Ce ne fut que dans le XVIIe siècle que le hasard fit connaître en Saxe un secret que les Chinois et les Japonais prenaient tant de soin de réserver pour eux seuls. Le baron de Boeticher, chimiste à la cour d'Auguste, électeur de Saxe, en combinant ensemble des terres de différentes natures, pour faire des creusets, fit cette découverte précieuse. Bientôt le bruit s'en répandit en France et en Angleterre, et les chimistes de ces deux royaumes travaillèrent à l'envi à faire la porcelaine ; mais ils ne purent y parvenir.
On désespérait presque d'y réussir en Europe, lorsque M. Tschirnhausen trouva une composition de porcelaine qui, selon les apparences, était la même que celle dont on fait usage en Saxe. Il la confia en France à M. Homberg ; mais ces deux amis moururent sans en communiquer le secret au public. Réaumur soupçonna quelles étaient les vraies substances qui entraient dans la composition de la porcelaine de la Chine, et nous donna le premier des idées très justes sur la nature de ces substances, avec la manière de les employer. Macquer et Montigny, savants chimistes, ont enrichi la manufacture de Sèvres d'une nouvelle composition qui réunit toutes les qualités nécessaires pour faire la meilleure porcelaine. C'est le ka-olin et le pet-un-tse, qu'ils ont trouvés en France.

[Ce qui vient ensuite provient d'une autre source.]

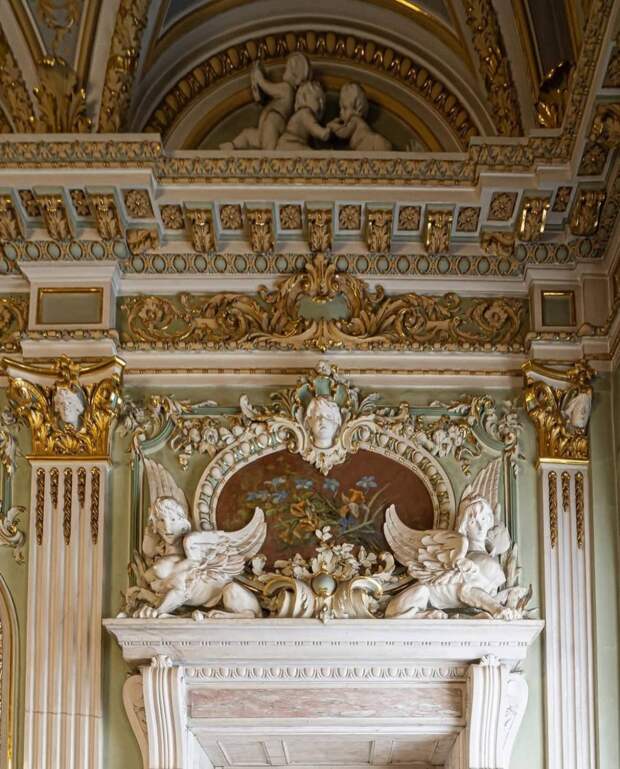 В спальне великой княгини Марии Павловны сохранился необыкновенный камин так изящно расписанный в технике гризайль, что кажется, будто на нём мраморные барельефы.

Le sieur Taunay, orfèvre à Paris, a trouvé, en 1749, la manière d'appliquer les couleurs sur la porcelaine, et de leur donner un éclat aussi vif que durable.

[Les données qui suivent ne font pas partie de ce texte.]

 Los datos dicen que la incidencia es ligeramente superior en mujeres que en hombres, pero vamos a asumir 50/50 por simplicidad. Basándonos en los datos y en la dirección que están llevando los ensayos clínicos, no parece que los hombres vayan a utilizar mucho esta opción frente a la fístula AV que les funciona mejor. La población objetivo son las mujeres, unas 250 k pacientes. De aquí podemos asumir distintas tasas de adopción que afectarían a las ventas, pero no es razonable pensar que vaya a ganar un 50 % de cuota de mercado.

La porcelaine imitant le bronze

M. Guillaume, est-il dit dans les Archives des découvertes et des inventions nouvelles, est parvenu à composer un biscuit imitant la couleur du bronze aussi parfaitement qu'il est possible de le désirer. Son biscuit coloré a non seulement la couleur d'un beau bronze, mais encore le même retrait, et il est aussi infusible que la pâte blanche, ce qui permet de les mêler ensemble, sans qu'il y ait à craindre de gerçure, et sans qu'un coup de feu le fasse couler.
Les pièces préparées avec ce biscuit sortent du feu d'une couleur uniforme ; il reste à ajouter ces brillants que prend le métal aux endroits où l'oxyde est enlevé par le frottement. Cela s'exécute avec un morceau d'or ou de cuivre, et on fixe ensuite cette espèce de dorure avec une couverte transparente , etc.